テニスの聖地、ロンドン郊外のオールイングランド・クラブが驚きと熱狂に包まれています。2019年07月05日、ウィンブルドン選手権の第5日目を迎え、女子シングルス3回戦で世界中を釘付けにするドラマが生まれました。今大会で最も注目を集めている弱冠15歳のコリ・ガウフ選手(アメリカ)が、スロベニアのポロナ・ヘルツォグ選手を相手に、3-6、7-6、7-5という壮絶なスコアで逆転勝利を飾ったのです。初出場ながらベスト16入りを果たすという、まさに漫画のような展開に観客は総立ちとなりました。
試合の内容は、まさに手に汗握る死闘と呼ぶにふさわしいものでした。第1セットを落とし、後がない状況から粘り強くボールを拾い続けたガウフ選手の精神力には、ベテラン選手のような風格さえ漂っています。相手のヘルツォグ選手も力強いストロークで攻め立てましたが、ここ一番での集中力が勝敗を分けたのでしょう。SNS上でも「15歳とは思えない勝負強さ」「テニス界に新しい時代が来た」といった驚きの声が溢れており、彼女の快進撃は今や社会現象といえるほどの盛り上がりを見せています。
専門的な視点で解説しますと、この「逆転勝ち」は単なる偶然ではありません。テニスにおけるメンタル管理は非常に重要で、特にウィンブルドンのような伝統ある芝のコートでは、ボールの弾みが低く不規則になりやすいため、一瞬の動揺がミスに直結します。そんなプレッシャーの中で、10代半ばの選手が格上の相手を翻弄する姿は、技術を超えた才能の証明と言えるでしょう。編集部としても、彼女のプレーにはかつてのスター選手たちが持っていた「勝利を引き寄せるオーラ」を強く感じずにはいられません。
一方、同日の女子シングルスでは、第7シードのシモナ・ハレプ選手(ルーマニア)も圧倒的な強さを見せつけました。
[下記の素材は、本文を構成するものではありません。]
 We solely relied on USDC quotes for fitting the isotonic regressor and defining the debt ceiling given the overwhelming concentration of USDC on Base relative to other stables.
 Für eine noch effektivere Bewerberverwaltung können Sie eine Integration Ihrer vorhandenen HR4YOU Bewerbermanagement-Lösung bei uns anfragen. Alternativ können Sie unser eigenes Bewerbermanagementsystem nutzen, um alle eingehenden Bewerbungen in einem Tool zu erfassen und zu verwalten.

元世界ランキング1位のビクトリア・アザレンカ選手(ベラルーシ)に対し、6-3、6-1というストレート勝ちで格の違いを証明しています。かつて女王の座に君臨したアザレンカ選手を退けたハレプ選手の守備力と機動力は、今大会でも随一の完成度を誇っています。そして運命のいたずらか、次なる4回戦でこのハレプ選手が、快進撃を続ける15歳のガウフ選手と激突することになりました。
王者ジョコビッチの盤石な強さと錦織圭への期待
男子シングルスに目を向けると、世界1位の風格を漂わせるノバク・ジョコビッチ選手(セルビア)が、ポーランドのフベルト・フルカチュ選手を迎え撃ちました。第2セットをタイブレークの末に落とす場面もありましたが、最終的には7-5、6-7、6-1、6-4で勝利を収め、3年連続のベスト16進出を決めています。一度崩れかけても、瞬時に戦術を修正して主導権を奪い返す力は流石の一言です。王者の安定感は今大会でも揺るぎなく、このまま連覇へ突き進むのか注目が集まります。
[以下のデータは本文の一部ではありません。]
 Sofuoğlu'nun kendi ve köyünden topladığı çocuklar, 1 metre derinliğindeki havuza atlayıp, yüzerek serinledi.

そして日本のファンが最も待ち望んでいるのは、第8シードの錦織圭選手(日清食品)の登場でしょう。彼は2019年07月06日の午前11時(日本時間同日午後19時)から、世界ランキング71位のスティーブ・ジョンソン選手(アメリカ)との3回戦に挑みます。芝のシーズンは得意不得意が分かれますが、現在の錦織選手のコンディションは非常に良好に見えます。多彩なショットを駆使する彼のテニスが、強力なサーブを持つジョンソン選手をどう攻略するのか、日本中から熱い視線が注がれるはずです。
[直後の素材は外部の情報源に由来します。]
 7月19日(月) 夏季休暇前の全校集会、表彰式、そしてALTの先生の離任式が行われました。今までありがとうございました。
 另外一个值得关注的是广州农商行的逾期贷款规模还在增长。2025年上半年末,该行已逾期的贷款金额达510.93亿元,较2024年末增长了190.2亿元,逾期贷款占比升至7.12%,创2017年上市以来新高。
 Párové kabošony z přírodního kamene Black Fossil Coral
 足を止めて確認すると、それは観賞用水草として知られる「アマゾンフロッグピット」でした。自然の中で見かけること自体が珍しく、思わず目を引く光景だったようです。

混合ダブルスでも嬉しいニュースが届いており、クリストファー・ルンカット選手と青山修子選手のペアが、フランスの強豪コンビを相手にフルセットの末に勝利しました。残念ながら青山市選手は女子ダブルスでは敗退してしまいましたが、この混合ダブルスでの勝利が次への弾みになることを願ってやみません。若手の台頭とベテランの意地が交錯する今年のウィンブルドンは、毎晩眠れないほどの興奮を私たちに届けてくれます。歴史が動く瞬間を、ぜひリアルタイムで見届けたいものですね。